Question

Could someone please show me how to solve this with the provided information?

Answer 1

This is a Hess's law question!

Hess's law states that regardless if there are multiple steps in a reaction, the total enthalpy change for the reaction is the sum of all changes.

Explanation:

This the question you want

`C_2H_4 (g)+ H_2(g)-> C_2H_6(g)`

These are the equations given

`C_2H_4 + 3O_2 -> 2CO_2 + 2H_2O` `H = -1411 KJ`

`C_2H_6 + 3 1/2 O_2 -> 2CO_2 + 3H_2O` `H = -1560.0 KJ`

`H_2 + 1/2 O_2 -> H_2O` `H = -285.8 KJ`

Now you need to either

Multiply the equation by a - number to flip the equation

Multiply the whole equation by a number to get more of the product or reactant.

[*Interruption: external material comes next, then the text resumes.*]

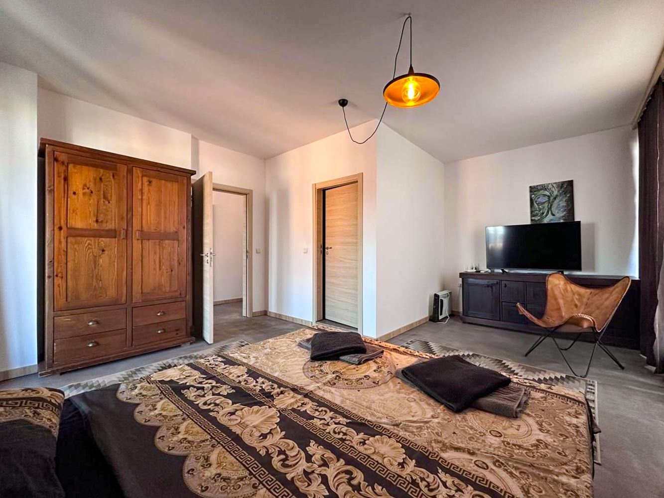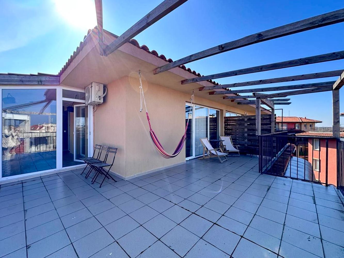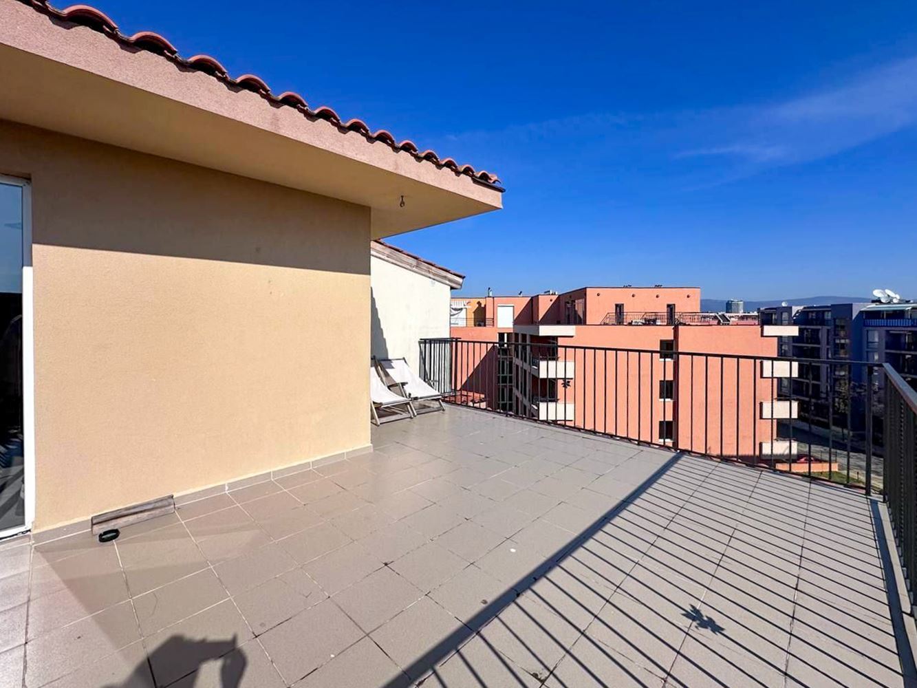 Nabízíme vám mimořádně atraktivní třípokojový byt v prestižním rezidenčním komplexu, který se nachází jen 400 metrů od pláže Sunny Beach. Nemovitost má rozlohu 112 m² a nachází se v pátém, posledním patře, což zaručuje klid, ticho a více osobního prostoru. Jedná se o vynikající příležitost pro rodinné bydlení, rekreační dům nebo investici s vysokým potenciálem pronájmu.

Cancel out like reactant with like products.

Here are my steps

Here I multiplied equation 2 by a negative number to flip the
question this changes the enthalpy value from being a negative number to a positive.

I also simplified `3 1/2 O_2` to `3/2 O_2`

`C_2H_4 + 3O_2 -> 2CO_2 + 2H_2O` `DeltaH = -1411 KJ`

`(-) 2CO_2 + 3H_2O ->C_2H_6 + 3/2 O_2` `DeltaH = +1560.0 KJ`

`H_2 + 1/2 O_2 -> H_2O` `DeltaH = -285.8 KJ`

Now you just need to cancel out like terms

`C_2H_4 + cancel 3O_2 -> cancel2CO_2 + cancel2H_2O` `DeltaH = -1411 KJ`

`(-) cancel 2CO_2 + cancel3H_2O ->C_2H_6 + cancel 3/2 O_2` `DeltaH = +1560.0 KJ`

`H_2 + cancel1/2 O_2 ->cancel H_2O` `DeltaH = -285.8 KJ`

Now your left with

`C_2H_4 (g)+ H_2(g)-> C_2H_6(g)`

Add up all your Enthalpy Values

And that's your answer

`DeltaH= -136.8 KJ`

Best Of Luck

-AN

If you have any questions please ask.